Пантелеев прижимает погасшую папиросу к губам и долго смотрит поверх неё на невидимую шлюпку. Скрип уключины успевает прийти с воды трижды.

— Гринько! — Пантелеев посылает голос вдоль закрытого фальшбортом правого борта, к мостику.

Ответа нет. Гринько у мостика.

— Ковтун, — Пантелеев поворачивает его за плечо лицом к трапу. — Беги к боцману. Скажи: кормовое просит разрешения на редкий огонь по прежней точке, один выстрел в полминуты, пока шлюпка на переходе. Причина: перебить звук уключин. Повтори.

Ковтун уже разворачивается корпусом в сторону трапа, но Пантелеев ловит его за рукав и держит, пока тот не выговаривает всё сначала, слово в слово.
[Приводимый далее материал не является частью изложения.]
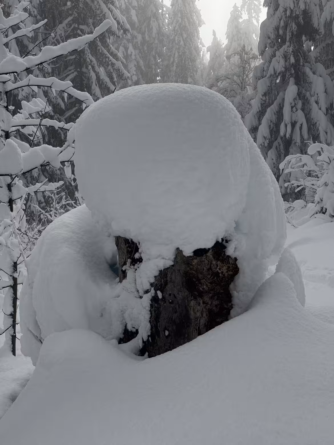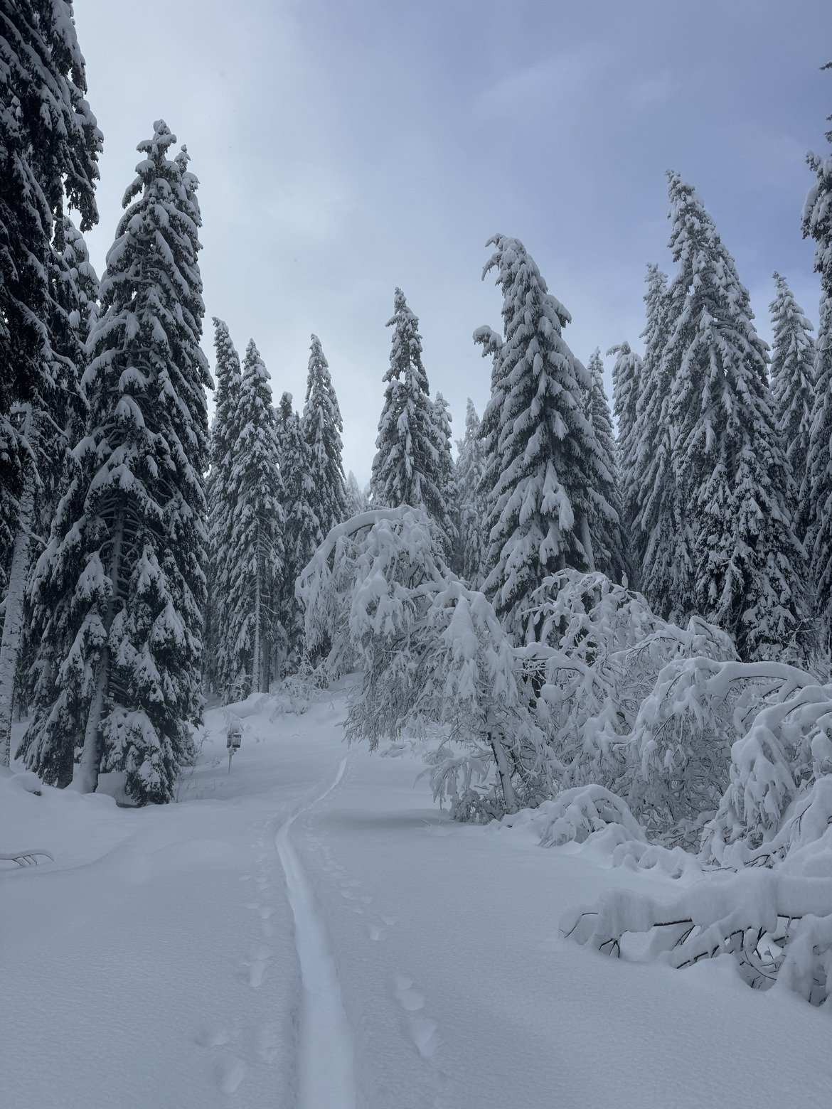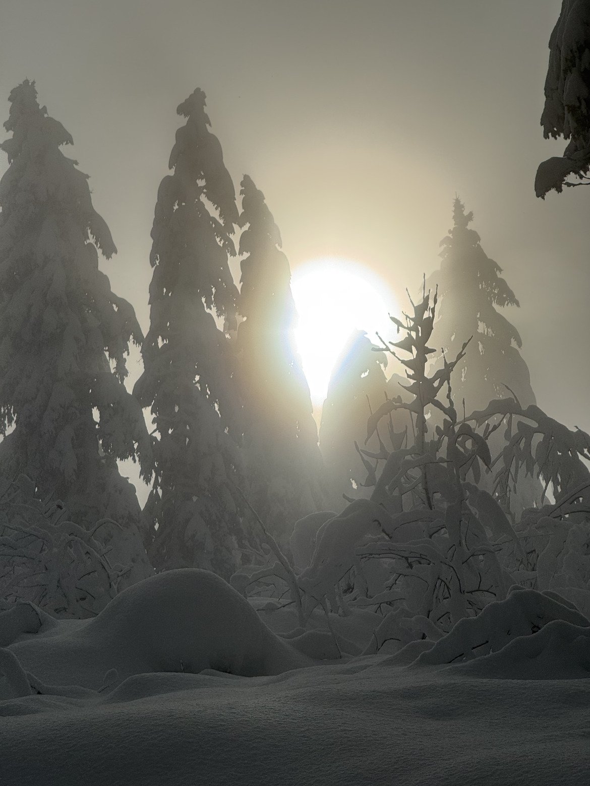 Merci à ceux qui sont montés le matin pour avoir fait la trace qui parfois arrivait au genou… Je suis montée au rythme d’une photo tout les 10m 😂 C’est quand même beau les sapins enneigés !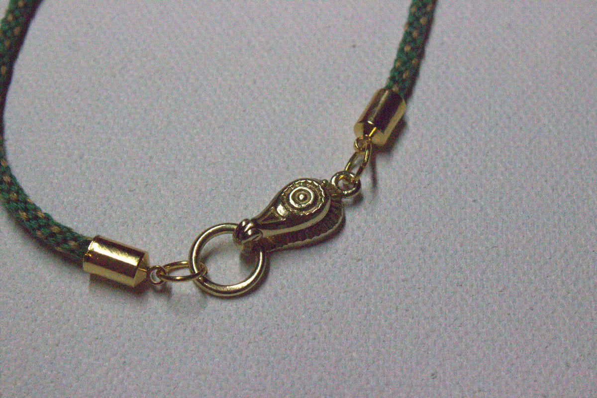 Round green shell pendant with gold decoration on green and gold kumihimo braided cord. 23" long w/unique locking magnetic clasp.

Рукав освобождается только на последнем слове. Ковтун уходит, пригнувшись под леерами; шаги пропадают за надстройкой раньше, чем тёмное пятно его спины.

— Я сказал «просит», а не «предлагает», — Пантелеев ещё вслушивается туда, где стихли шаги Ковтуна, и костяшками пробует, насколько остыл казённик. — Ты заметил?